INPIT(工業所有権情報・研修館)がタイムスタンプ保管サービスを開始

2017年3月27日から独立行政法人工業所有権情報・研修館(INPIT)では、新たなサービスとして「タイムスタンプ保管サービス(無料)」の提供を開始しました。

知的財産戦略において情報の秘匿化に対する重要性が高まる中、技術情報の保有時刻の証明も不可欠となっており、この保有時刻の証明のために、近年は民間のタイムスタンプサービス等が利用されています。

タイムスタンプサービスは、電子文書の存在時刻証明と非改ざん証明を行うものであり、紙文書に比べて容易に内容や作成日時を改ざんできてしまうという電子文書の脆弱性を補うものです。

INPITでは、時刻認証業務認定事業者が発行したタイムスタンプトークンをバックアップとしてお預かりする「タイムスタンプ保管サービス」 の提供を開始いたします。         ※タイムスタンプトークン とはTSAが時刻情報を付与して発行するファイル

このサービスでは、必要なときにタイムスタンプトークンの引き出しや預入証明書の発行を受けることができます。

「タイムスタンプ保管サービス」によって、タイムスタンプトークンの紛失に対するリスクが低減されるほか、その存在時刻・非改ざん証明の信頼性を高め立証負担を軽減する効果が期待されます。

タイムスタンプの概要

タイムスタンプは、タイムスタンプに刻印されている時刻にその文書が存在し(存在証明)、 その時刻以降文書が改ざんされていないことを証明する(非改ざん証明)ものです。

タイムスタンプ利用場面

企業等の生み出した技術については、特許等への権利化や営業秘密として秘匿化するほか、他者に使わせるオープン戦略と自社で独占するクローズ戦略とを適切に組み合わせるなど、複雑かつ高度な知財戦略を策定することが事業活動において重要となっています。

特許等への権利化をする場合は、その技術を公知にすることでその出願日時を確保することができますが、営業秘密として秘匿化する場合には、自らがその存在日時を確保しておく必要があります。

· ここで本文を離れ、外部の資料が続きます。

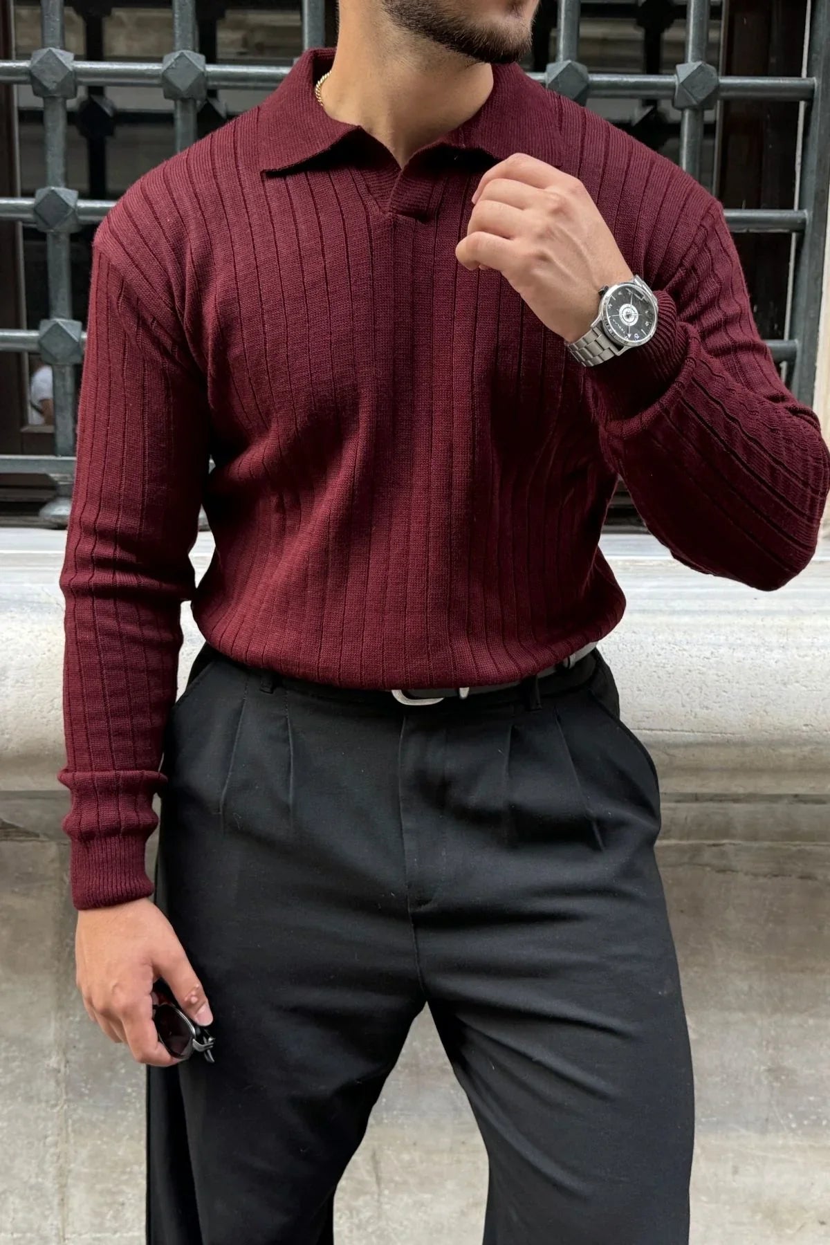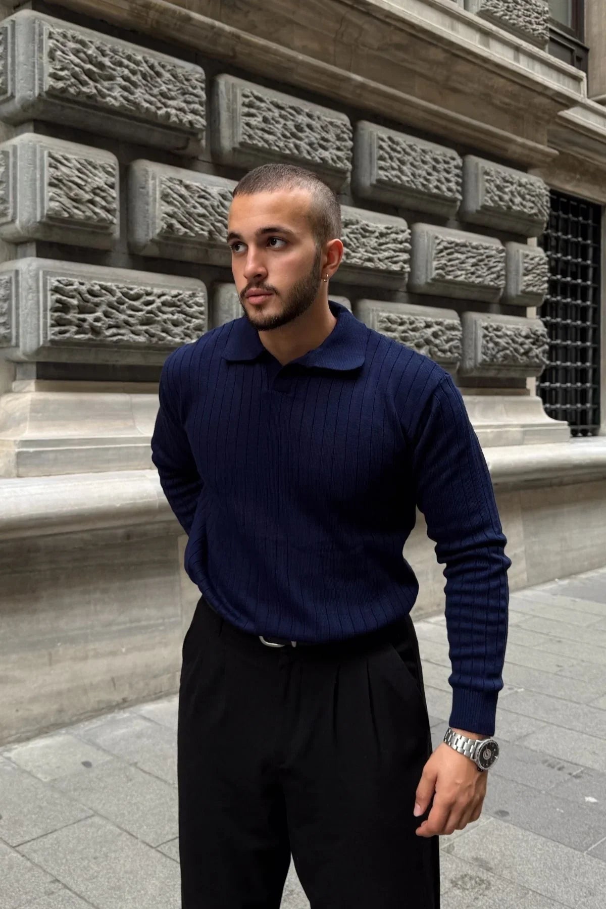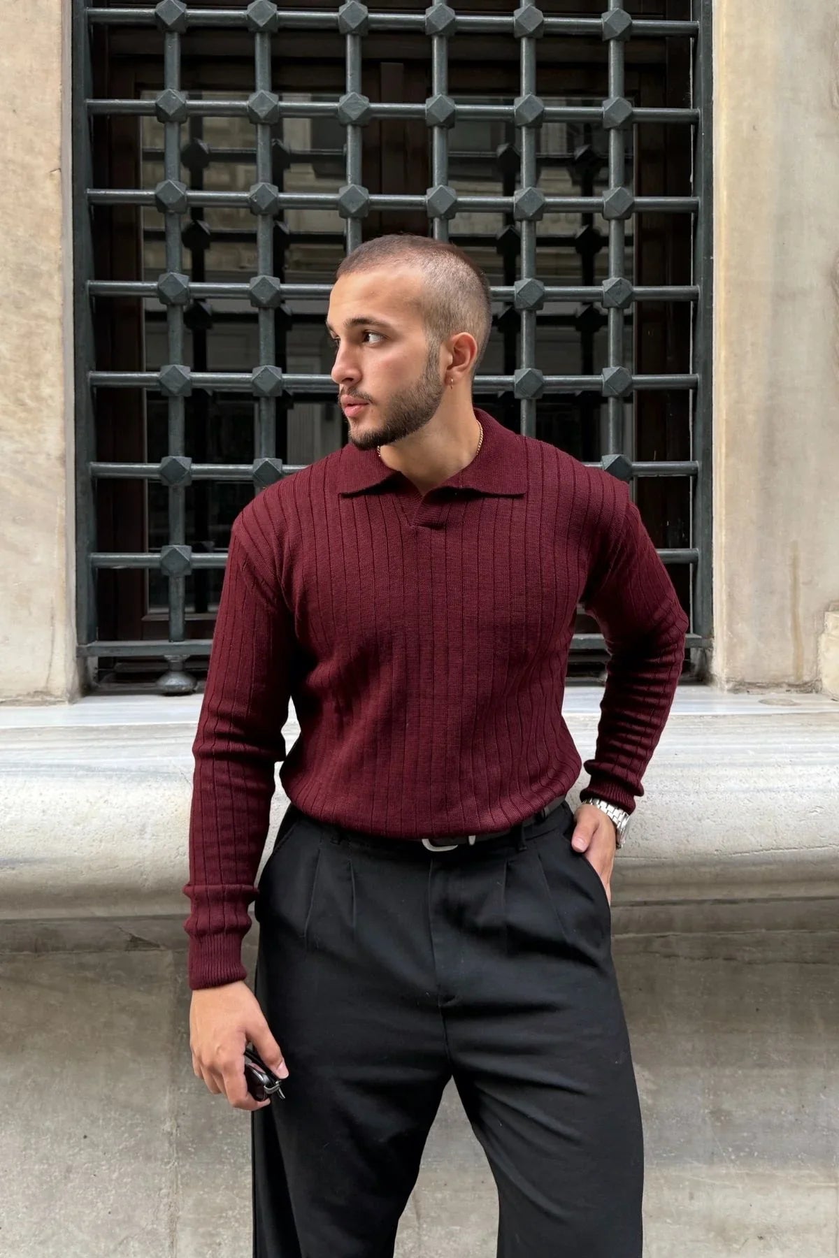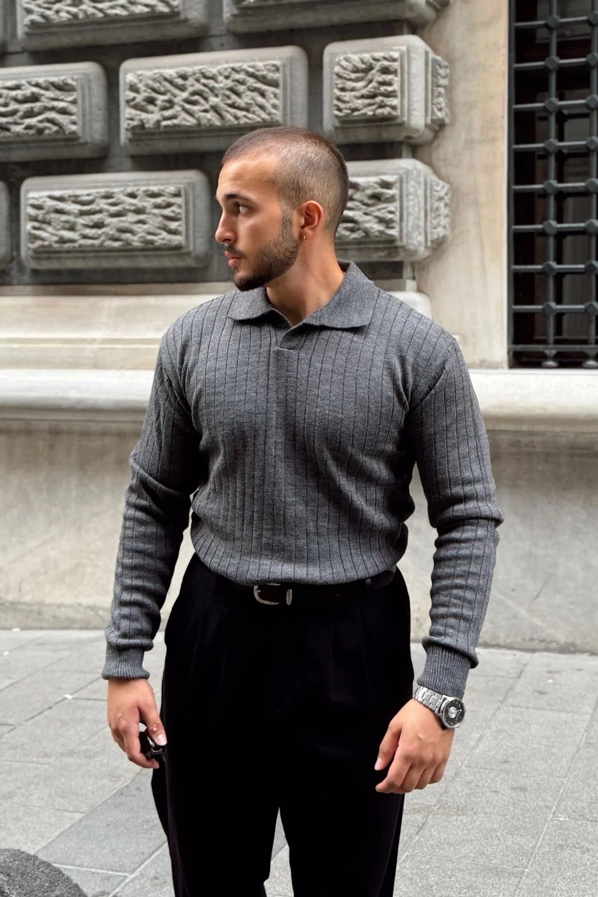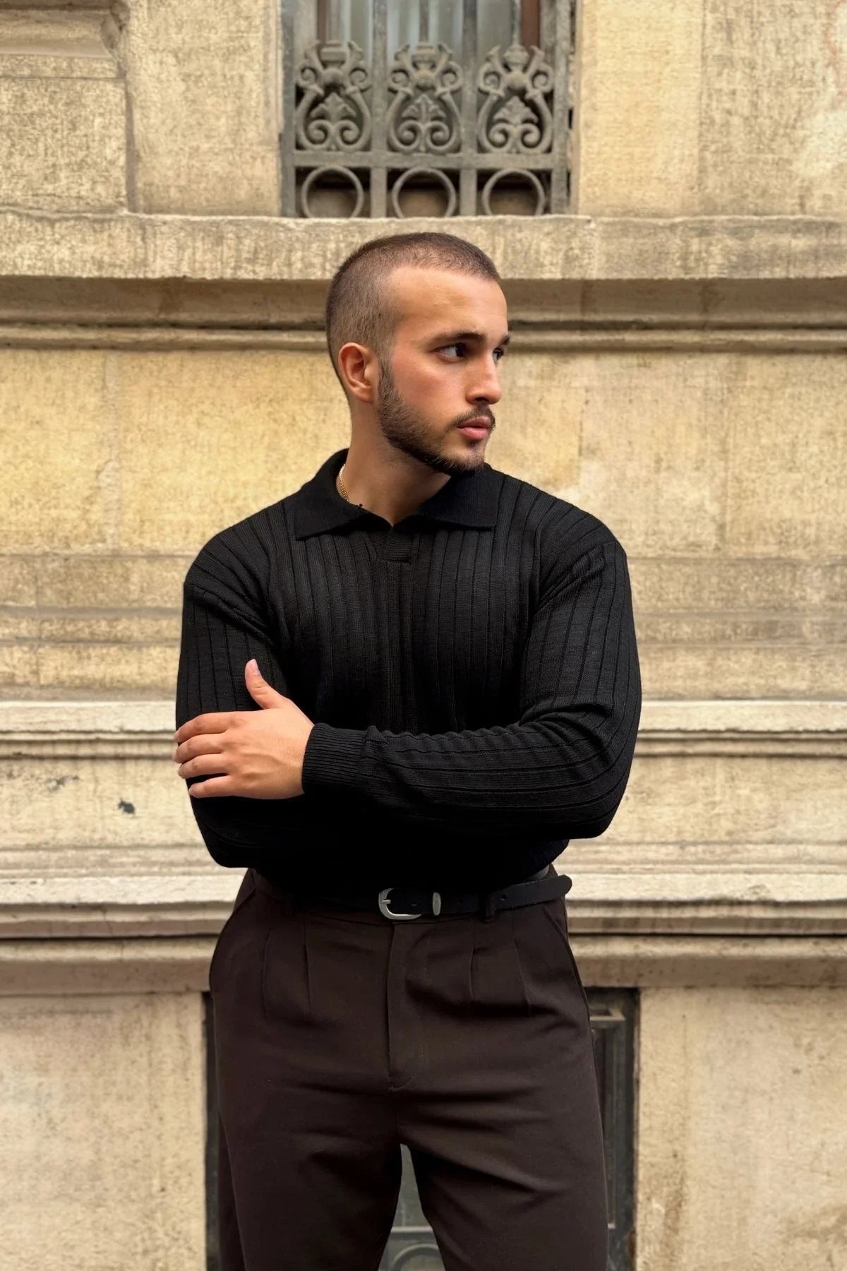Triko polo yaka uzun kollu tişört, kumaş baggy kalıp pantolon ve deri kemer ile kombinlendiğinde size ofis şıklığını sağlayacaktır. Klasik deri ayakkabı ile tamamlandığında ciddi ve şık bir görünüm sağlar.

例えば、A社が営業秘密として秘匿してきた技術情報について、B社が同等の技術の特許出願をした場合で、B社がA社に対して侵害訴訟など提起したときは、 A社が先使用権(特79条)の要件事実として当該特許出願に先んじて実施の事業の準備をしていた事実を立証する必要があります。

このような立証活動においては、関連する技術・営業資料を作成・保有していた時期の証明が非常に重要となります。

そのほかに、知財関連で情報の保有時点等を証明する必要がある事例として、以下のようなものが考えられます。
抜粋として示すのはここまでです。